After a moment, he opened his eyes and laughed at the irony. “Then Whitethorn dropped the pass. He dropped it!” He scrubbed his face with his hand as though to rub out the memory of seeing his receiver lying on his back in the end zone, his hands empty as the game clock ticked down to double zeros.

“But it really didn’t matter. I had sold my soul to the devil anyway. After the loss, I figured I might just as well get paid for it. So when Bandy showed up with my cash, I took it.

“Sometimes I think that maybe the shrink at Big Spring was right, that maybe I wanted to get caught. Anyway, after I was busted, people assumed I’d thrown a pass that was impossible to catch. Whitethorn let them think it. And I let them think it. I was guilty of everything else. I had lied, gambled, cheated, broken the law, pissed on the rules and ethics of professional sports.” He smiled wryly. “But I didn’t throw that game.”

Coach dragged his fists across his damp eyes. “I’ve waited a long time to hear you say it.”

“It feels good to say it. Because the worst part of it, the very worst thing of the whole experience, prison, everything, was knowing how badly I had shamed you and Ellie.”

Coach cleared his throat and said gruffly, “We lived through it.”

He said it in an offhand manner, as though this moment didn’t have any significance. It did, though, and it was huge. Griff hadn’t begged his forgiveness, and Coach hadn’t granted it. Not in so many words. But that was the understanding that passed between them without it getting sloppy and sentimental. He was in Coach’s favor once again. He had his pardon. Maybe even-dare he think it?-his love.

“It would mean a lot to Ellie if you came around more often, let her cook you a meal, fuss over you some, sneak you money she thinks I don’t know about.”

Griff smiled. “I will. I promise. If I’m not in jail.”

Coach frowned. “Over what you did to get Laura away from Rodarte?”

“She told you about that?”

“Yeah, and it’s all over the news today. But I don’t think the assault charges will stick. Not when it comes out what a threat Rodarte posed, and she’ll make sure everyone knows.”

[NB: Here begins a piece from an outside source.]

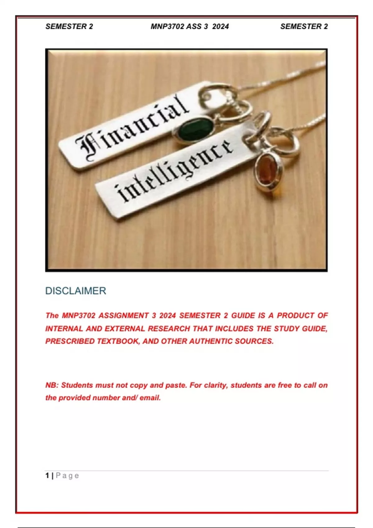 The MNP3702 ASSIGNMENT 3 2024 SEMESTER 2 GUIDE IS A PRODUCT OF

Mention of her name brought Laura into the room with them, an intangible but conspicuous presence. Griff looked hard at Coach, who read the unasked questions in his eyes. “She can’t come to see you, Griff.” He spoke in as soft a voice as he could manage. “Press would be on it like flies on dogshit. There’s already been speculation. Raised eyebrows. You know what I’m talking about. Nothing specific, just the suggestion that something between the three of y’all was a little shady.

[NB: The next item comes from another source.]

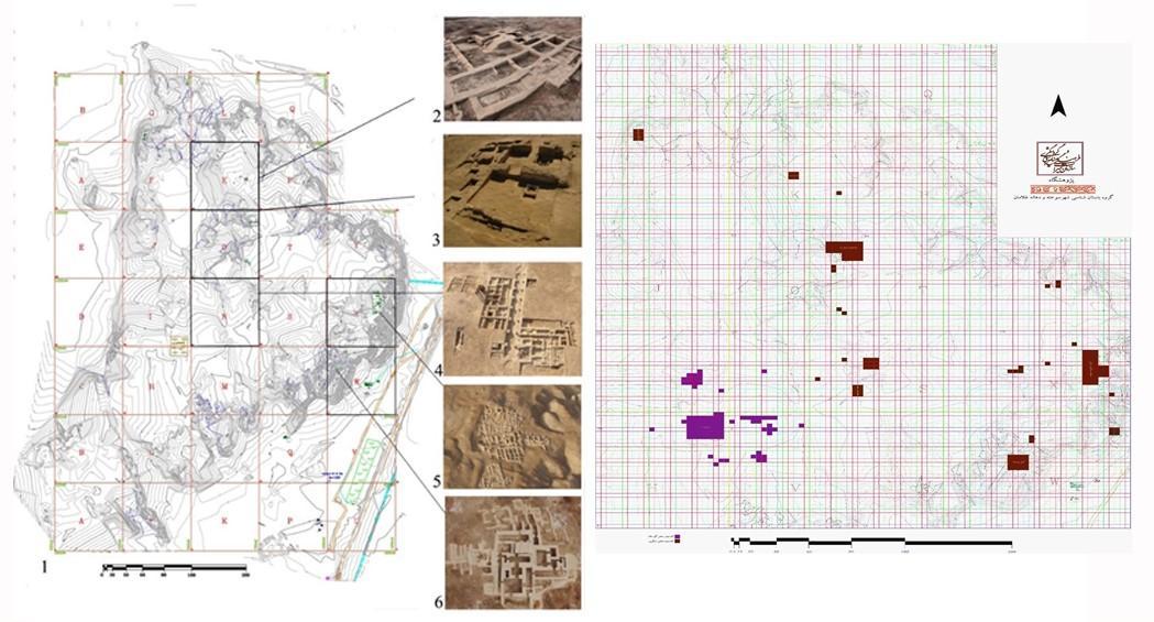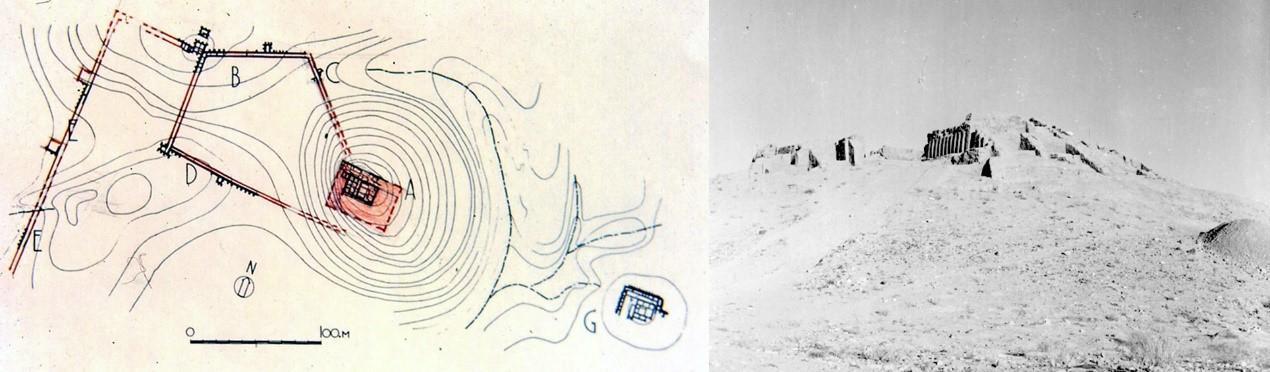 Mundigak遗址主要遗迹分布图及宫殿神庙区照片

“Don’t forget, it’s only been days since she held a very public funeral for her husband. Joe Q. Public doesn’t know that Speakman had gone off his rocker, and, for the future of the airline, she’d like to keep it that way. She certainly doesn’t want anybody to know what you were hired to do for them.”

“She told you about that, too?”

“All of it.” Coach shook his head in bewilderment. “Hell of a thing. Never heard of such.”

“It’s in the Bible.”

“Yeah, but Moses also wore a beard to his navel and ate locusts.”

“Abraham.”

“Well, anyway, Laura said you would understand why she can’t come to you now.”

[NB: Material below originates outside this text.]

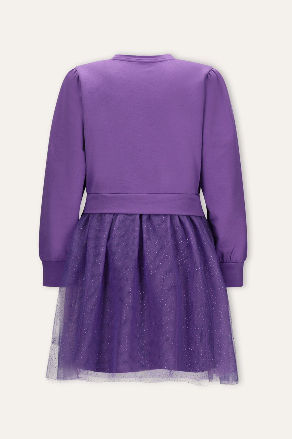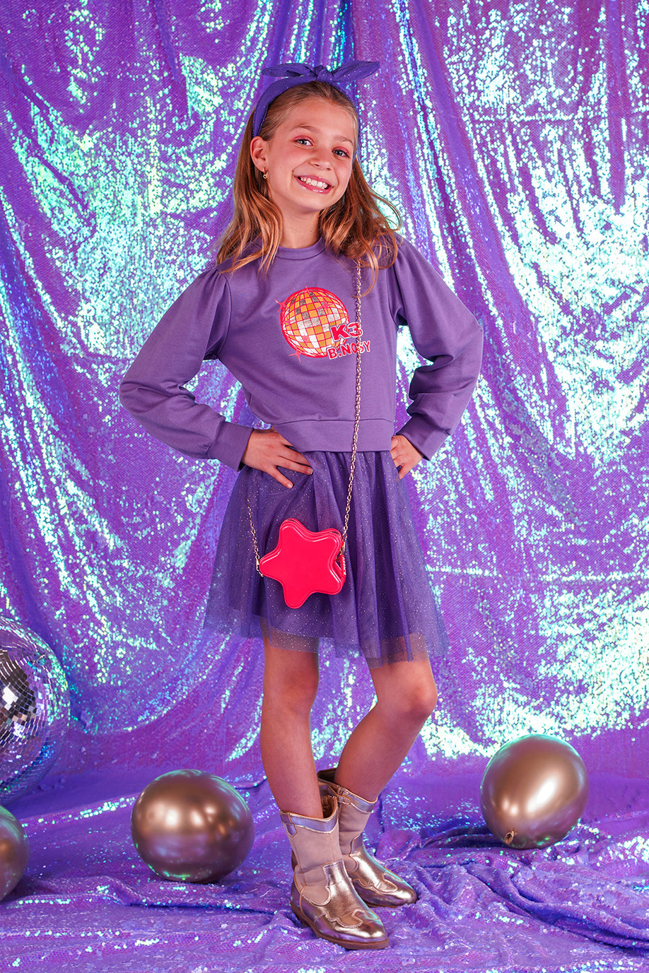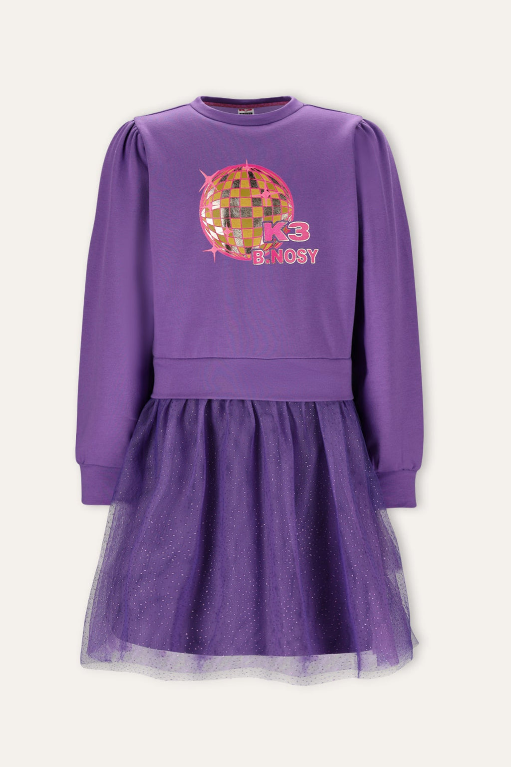 Steel de show met deze B.Nosy x K3 jurk Dasha. De jurk heeft een gave print van een discobal met het K3-logo en een tule rok met glitters. Dankzij de zachte sweatstof zit deze jurk ook nog eens heerlijk comfortabel.

“I do understand.” Then after a beat. “I love her, Coach.”

“I know.” At Griff’s surprised look, the older man nodded. “The other night, when your whole future depended on chasing down Rodarte and Ruiz, you stayed with her. That wasn’t like you, putting somebody else’s welfare ahead of your own. You’ve got to make another sacrifice now, Griff. If you truly care about this lady, you’ve got to give her time. Distance. Absence from you.”

Griff knew that. He understood the necessity. But that didn’t make it any easier to accept. “Is she all right?”

“Doing fine. Her worst problem is Ellie.”

“Ellie?”

“She’s in her mother hen mode. Practically smothering the girl.”

Griff smiled and closed his eyes. “She’s in good hands.”

He must have dozed off again, because when he woke up, Coach was gone. The room was empty. He was alone.